### Action item
Nothing but the lines from the one including "Lavender and purple" through the last line of the entries, restated exactly, should appear in the answer; omit the pictures.

>>>>>

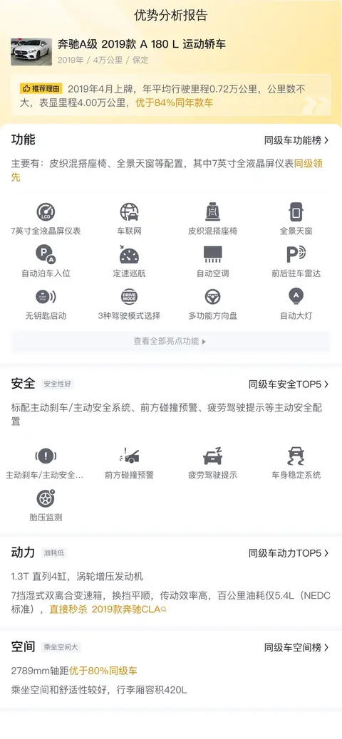 买二手车,配置要实用。这辆奔驰A级 2019款 A 180 L 运动轿车配备了皮织混搭座椅、分段式可开启全景天窗等,其中7英寸全液晶屏仪表同级领先。在安全配置上,标配主动刹车/主动安全系统、前方碰撞预警、疲劳驾驶提示等主动安全配置,配备7个安全气囊,被动安全配置优于96%同级车。
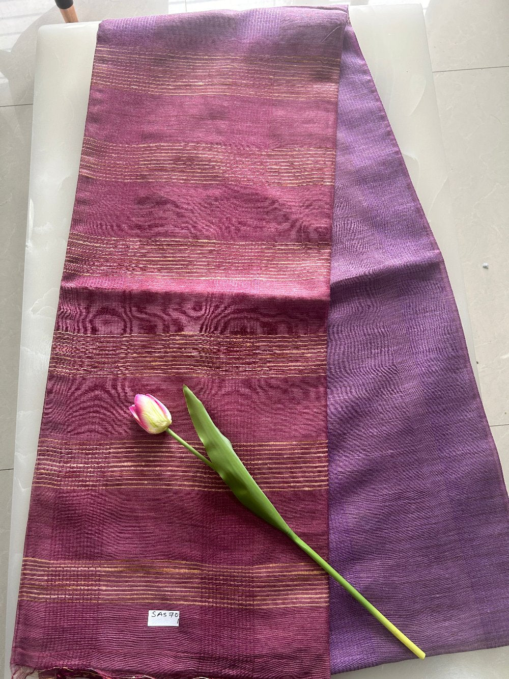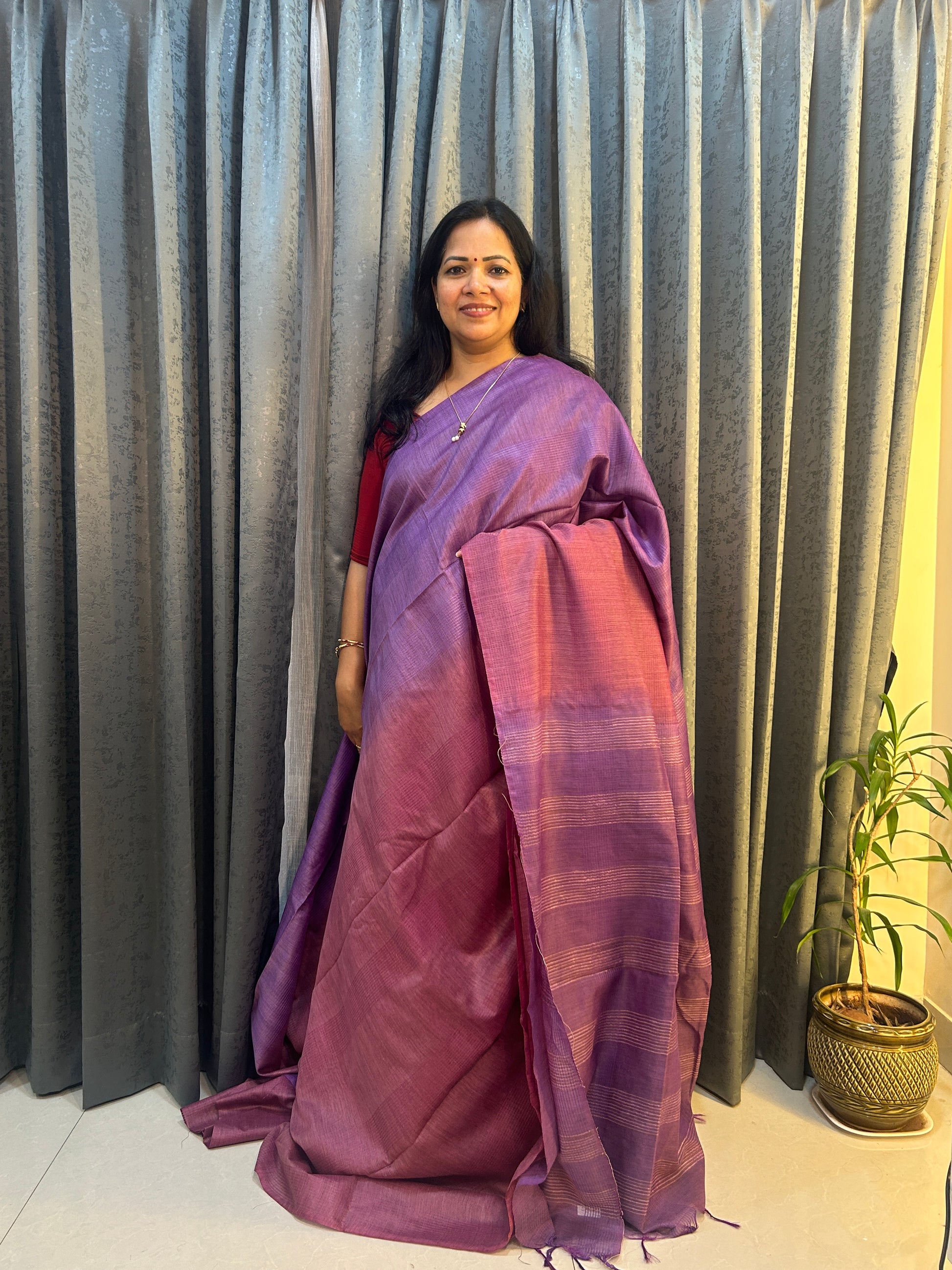 Lavender and purple double shaded 8 lines Art tusser silk saree SAS70
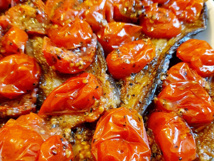Τις τηγανίζουμε σε καυτό ηλιέλαιο μέχρι να πάρουν ωραίο χρώμα. Τις βάζουμε σε ένα πιάτο με χαρτί κουζίνας για να φύγουν τα πολλά λάδια. Μόλις η σάλτσα είναι έτοιμη, βάζουμε τις μελιτζάνες σε ένα πιάτο και από πάνω τις περιχύνουμε με τα ντοματίνια.
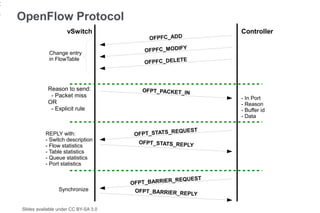 21. 21. 21 OpenFlow Protocol vSwitch Controller OFPFC_ADD Change entry OFPFC_MODIFY in FlowTable E OFPFC_DELET Reason to send: OFPT_PACKET_IN - Packet miss - In Port OR - Reason - Explicit rule - Buffer id - Data EQUEST REPLY with: OFPT_STATS_R - Switch description OFPT_STATS_REPLY - Flow statistics - Table statistics - Queue statistics - Port statistics _REQUEST OFPT_BARRIER Synchronize OFPT_BARRIER_REP LY Slides available under CC BY-SA 3.0
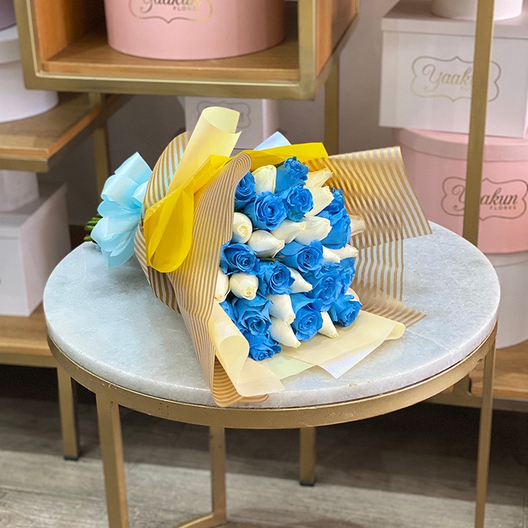 Hermoso arreglo tipo bouquet con 36 rosas blancas y azules envueltos en elegante papel coreano
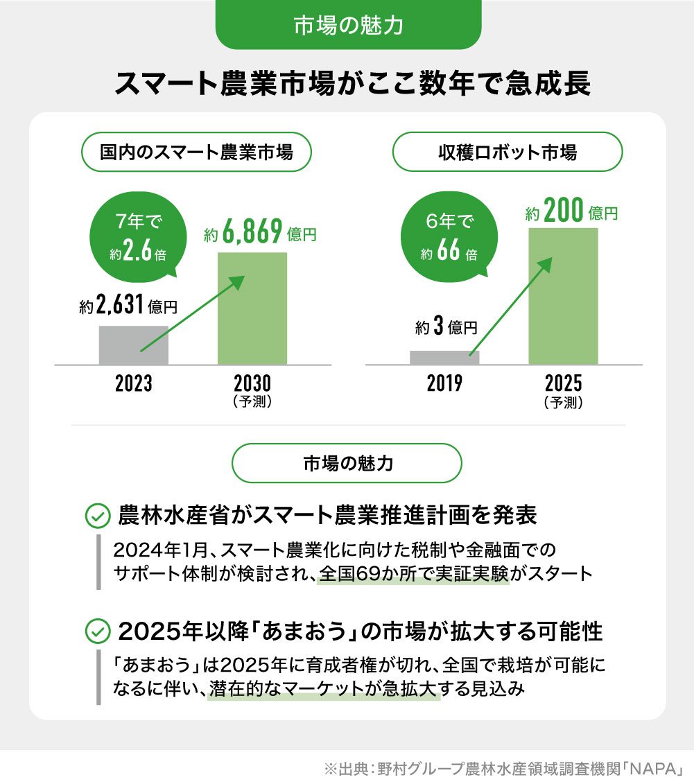 ããã«ãã£ãŠã蟲家ãåç©«ãããããªã©ã®ICTæ©åšãå°å ¥ãããããªãããã蟲äœç©ã®äžã§é«ä»å 䟡å€åãããã¡ãã¯èšåæè³ã®æè³ååããããããããããã«ã¹ããŒã蟲æ¥åãå éãããšèããŠããŸãã

<<<<<

### Response to the task
 Lavender and purple double shaded 8 lines Art tusser silk saree SAS70
Τις τηγανίζουμε σε καυτό ηλιέλαιο μέχρι να πάρουν ωραίο χρώμα. Τις βάζουμε σε ένα πιάτο με χαρτί κουζίνας για να φύγουν τα πολλά λάδια. Μόλις η σάλτσα είναι έτοιμη, βάζουμε τις μελιτζάνες σε ένα πιάτο και από πάνω τις περιχύνουμε με τα ντοματίνια.
 21. 21. 21 OpenFlow Protocol vSwitch Controller OFPFC_ADD Change entry OFPFC_MODIFY in FlowTable E OFPFC_DELET Reason to send: OFPT_PACKET_IN - Packet miss - In Port OR - Reason - Explicit rule - Buffer id - Data EQUEST REPLY with: OFPT_STATS_R - Switch description OFPT_STATS_REPLY - Flow statistics - Table statistics - Queue statistics - Port statistics _REQUEST OFPT_BARRIER Synchronize OFPT_BARRIER_REP LY Slides available under CC BY-SA 3.0
 Hermoso arreglo tipo bouquet con 36 rosas blancas y azules envueltos en elegante papel coreano
 ããã«ãã£ãŠã蟲家ãåç©«ãããããªã©ã®ICTæ©åšãå°å ¥ãããããªãããã蟲äœç©ã®äžã§é«ä»å 䟡å€åãããã¡ãã¯èšåæè³ã®æè³ååããããããããããã«ã¹ããŒã蟲æ¥åãå éãããšèããŠããŸãã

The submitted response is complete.